The second time, in 2015, the House passed another privatization bill. Knowing that Governor Tom "Look For The Union Label" Wolf would veto a solid liquor privatization bill in the first pass -- he'd said so, promised it -- McIlhinney waved it through, the Senate passed it, and sure enough: Wolf vetoed it, along with the proposed budget.

And now? We still have no budget, but McIlhinney's still at work. The House passed another privatization bill in December, part of their negotiation strategy with the Governor, and this time, McIlhinney went to work on it...making it look a LOT like the bill he shoved out in 2013, complete with no change to the state wholesale monopoly, nebulous talk about selling wine at grocery stores that had bought an R-license and were selling beer, and plenty of anti-consumer "modernization" language (including "flexible pricing," which essentially gives the PLCB the green light to raise prices to cover their ballooning operating expenses). It's what we've been calling The Big Step Sideways. It's not anything the House was going to pass when it comes back for reconciliation, and he knew it, and now liquor privatization has apparently been dropped from the negotiations. Chances are slim that it will come up this year; an election year. (Which is foolish: no legislator is going to lose their seat over how they vote on liquor privatization.)
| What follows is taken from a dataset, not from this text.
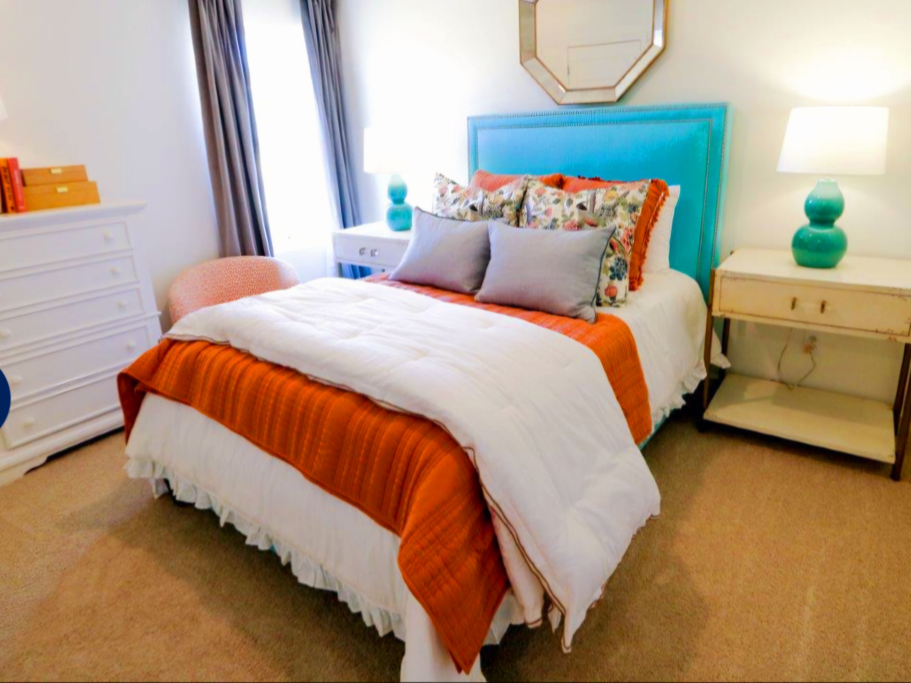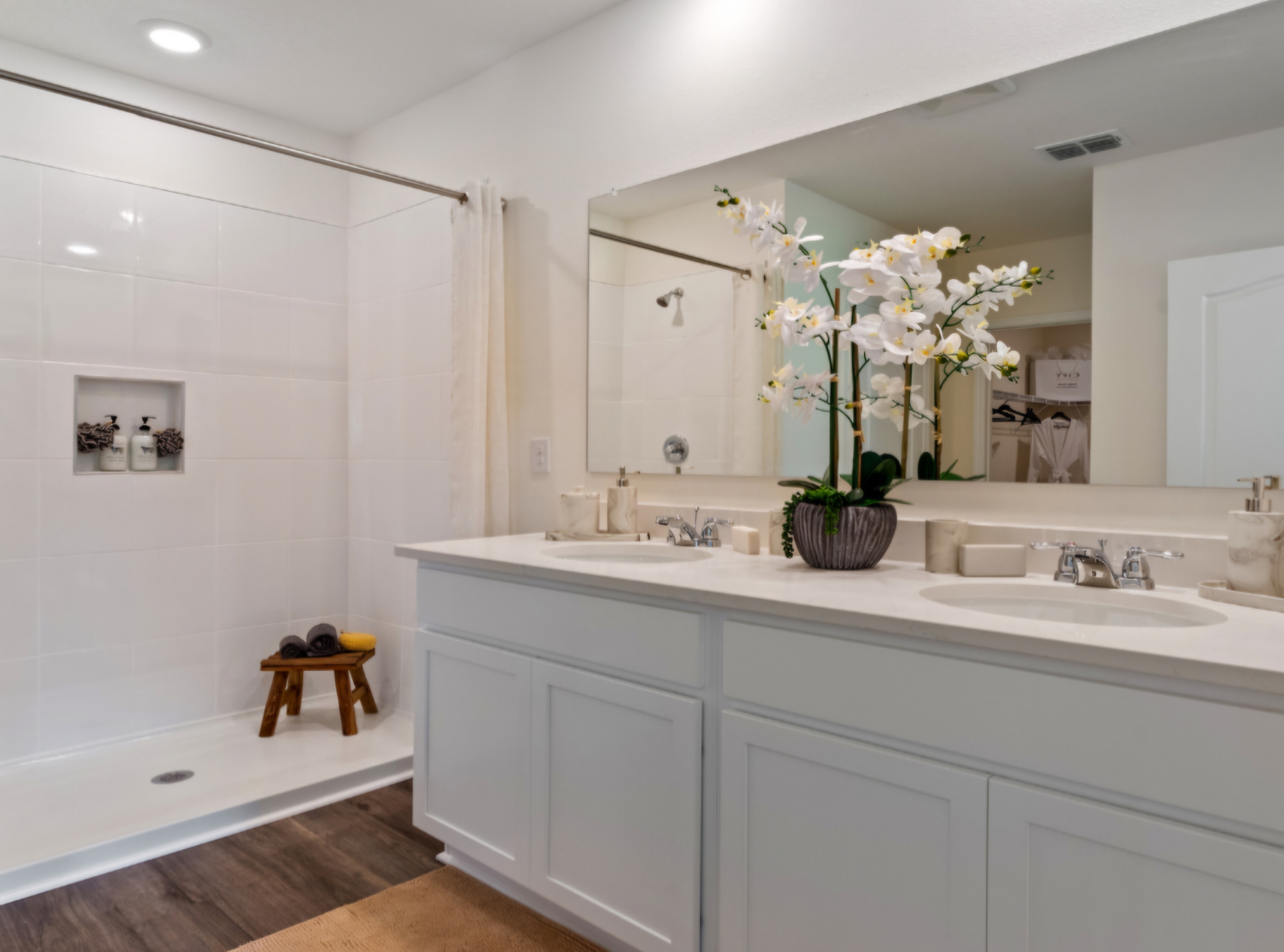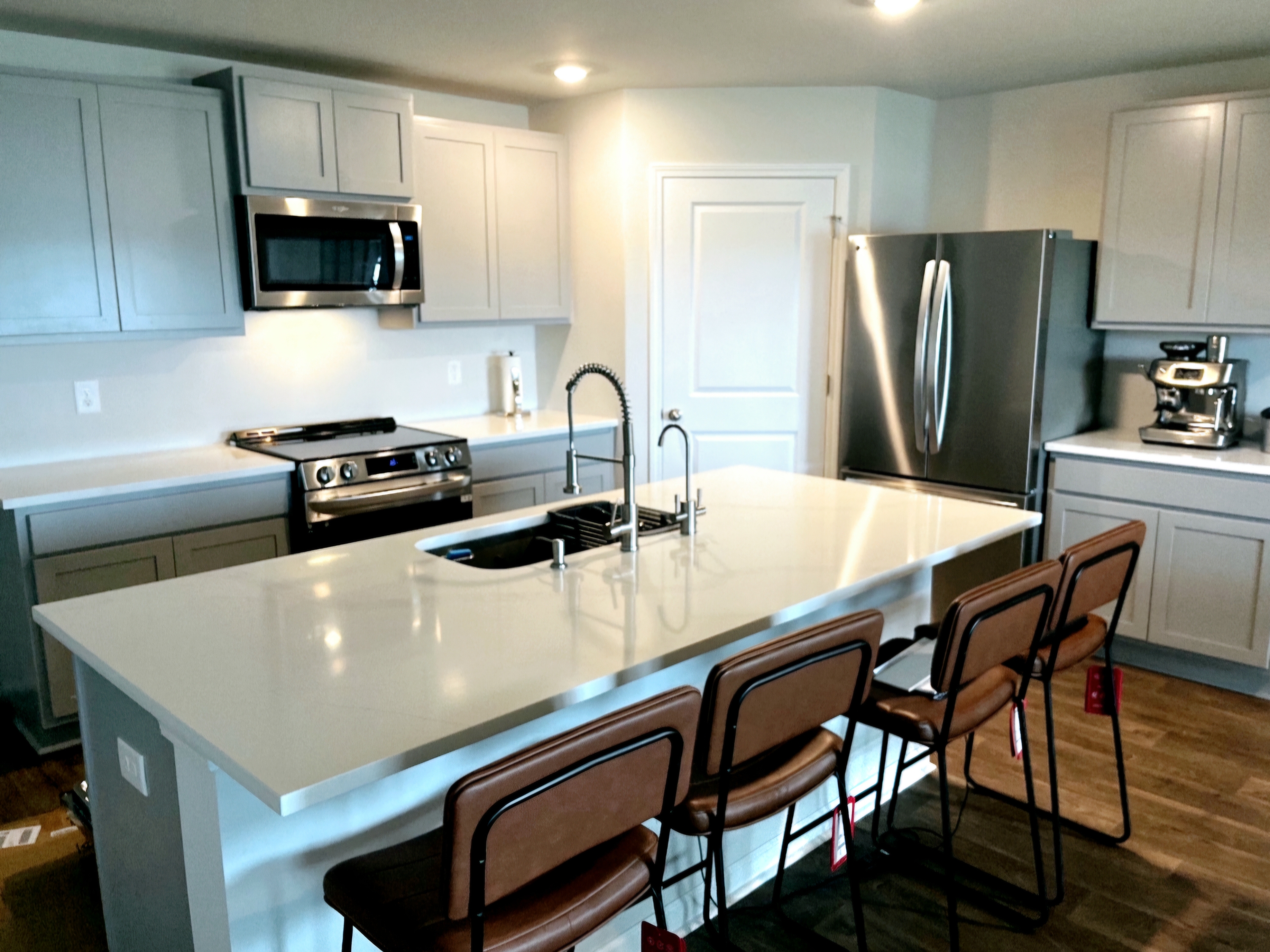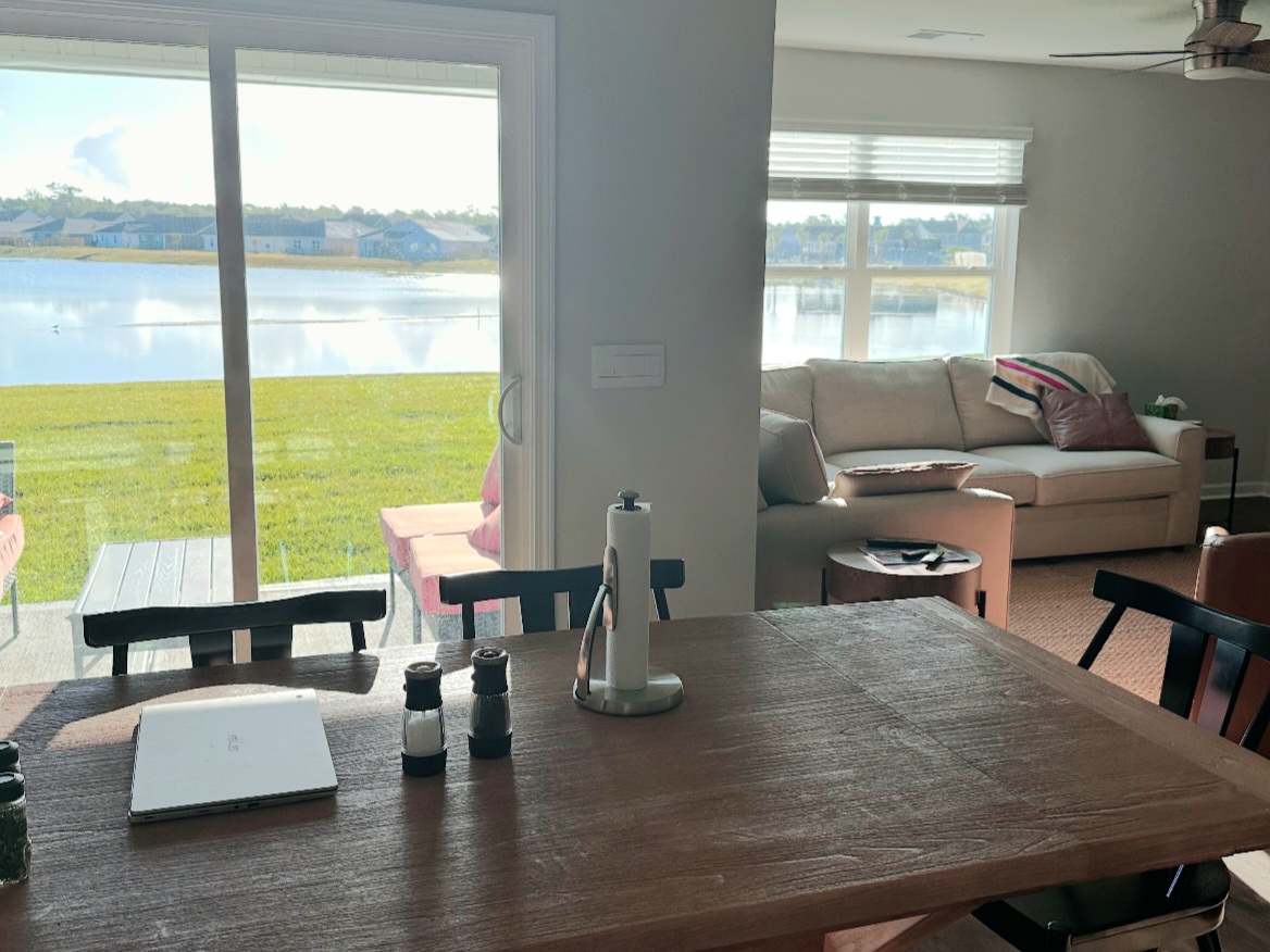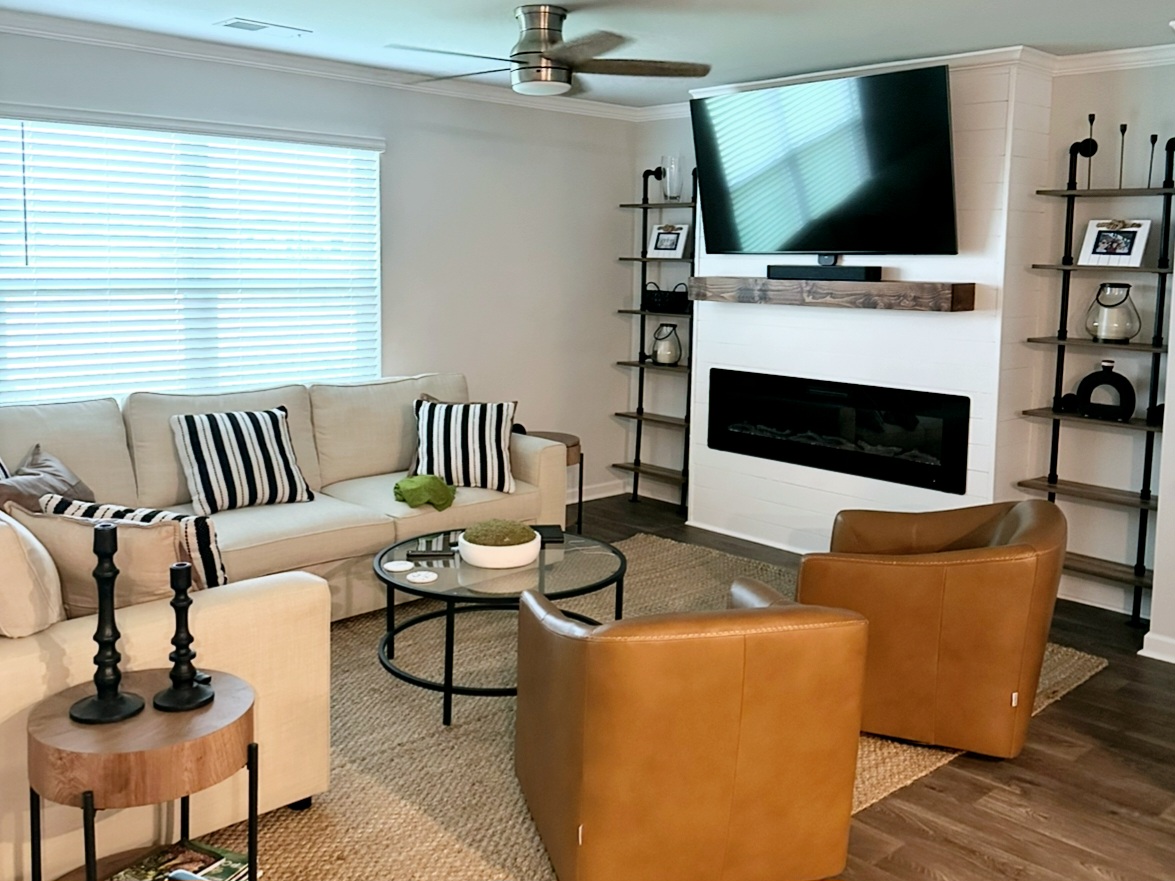 This better than new 4-bedroom, 2-bathroom home on the lake in the coveted neighborhood of Waterside is now available for lease. Upon entering the home you'll discover two front guest bedrooms with a shared bathroom in between. A bit further down the hallway is the 3rd guest bedroom. The open concept kitchen, dining and living area are perfect for family gatherings or entertaining guests. The kitchen is equipped with stainless steel appliances, including a smooth top range, microwave, and dishwasher. The living room features an electric fireplace. The primary suite, located at the back of the house, features an ensuite bathroom with a walk-in shower, walk-in closet, and vanity.

Go ahead. Ask me "Why?" again. I love that.
McIlhinney, you've done it again. Which leads us to ask...why? As in Why does McIlhinney so doggedly and effectively thwart privatization efforts? He's a Republican, isn't he? Aren't they supposedly the party of business, of smaller government? Well...maybe. But there's pro-business, and then there's pro particular businesses; like this. And then there's the personal politics of the whole thing, like this. (It's worth noting that some pundits tag the beer magnate noted in those links, Pasquale "Pat" Deon," as the reason we didn't see a privatization bill pass the House in 2012). And then there's this winking tidbit about Pennsylvania politics: Unions buy Democrats; they rent Republicans.

But another why is this one: Why does the state Republican party continue to put up with McIlhinney's shenanigans on this issue, and indeed, why is he in the one spot, the chairmanship of Law & Justice, where he can effectively, single-handedly, block privatization? Is it true what the unions have consistently said, what the Democrats have consistently said? That the state GOP doesn't really want privatization, that it's too good an issue to run on, to get donations with, and to pass it would kill that cash source? The thing is, for that to be true, it would all hinge on...Chuck McIlhinney.


1 comment:

  1. Welcome back, indeed! Glad to know that this blog is yours again, Lew. Happy New Year to all!